Косей сощурил глаза, как будто не слыша ничего из посулов жреца.
— Есть у тебя дочь, — начал он, удовлетворённо улыбаясь, видя, как проступает испарина на лбу у Камазу, — и дар её — видеть богов, бесценный дар, дар, которого нет у ныне живущих… — он прервался, чтобы насладиться низким поклоном жреца, — и твои намерения и вправду прекрасны: она та, которая могла бы встать на твоё место…

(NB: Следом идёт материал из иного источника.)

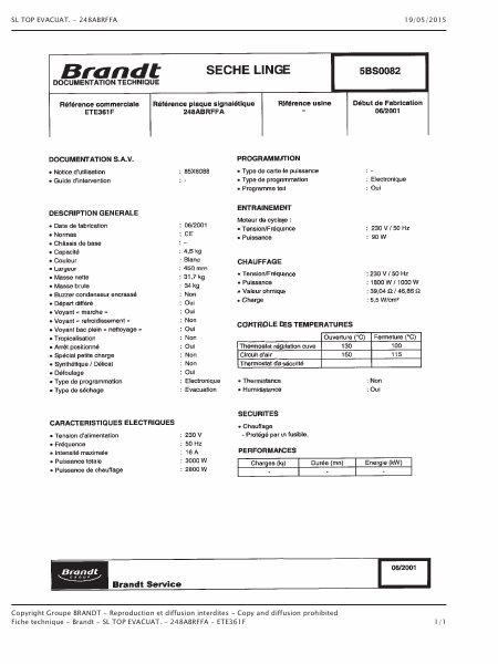 Download BRANDT ETE361F Serviceanleitung Französisch (11 Seiten) 39.90 EUR

— Могла бы? — озадаченно спросил жрец Анубиса, не понимая, к чему клонит, витиевато выражаясь, невнятный визави.
— Могла бы, если бы отцом был ты, — глаза, полные внутреннего удовлетворения, озорно заискрились, «любуясь» растерянностью, — и не отрицай, ты прекрасно знаешь, о чём я, ты нашёл её мать почти на сносях в пустыне, чудом выходив, назвав родившееся дитя своей дочерью, женившись на её матери…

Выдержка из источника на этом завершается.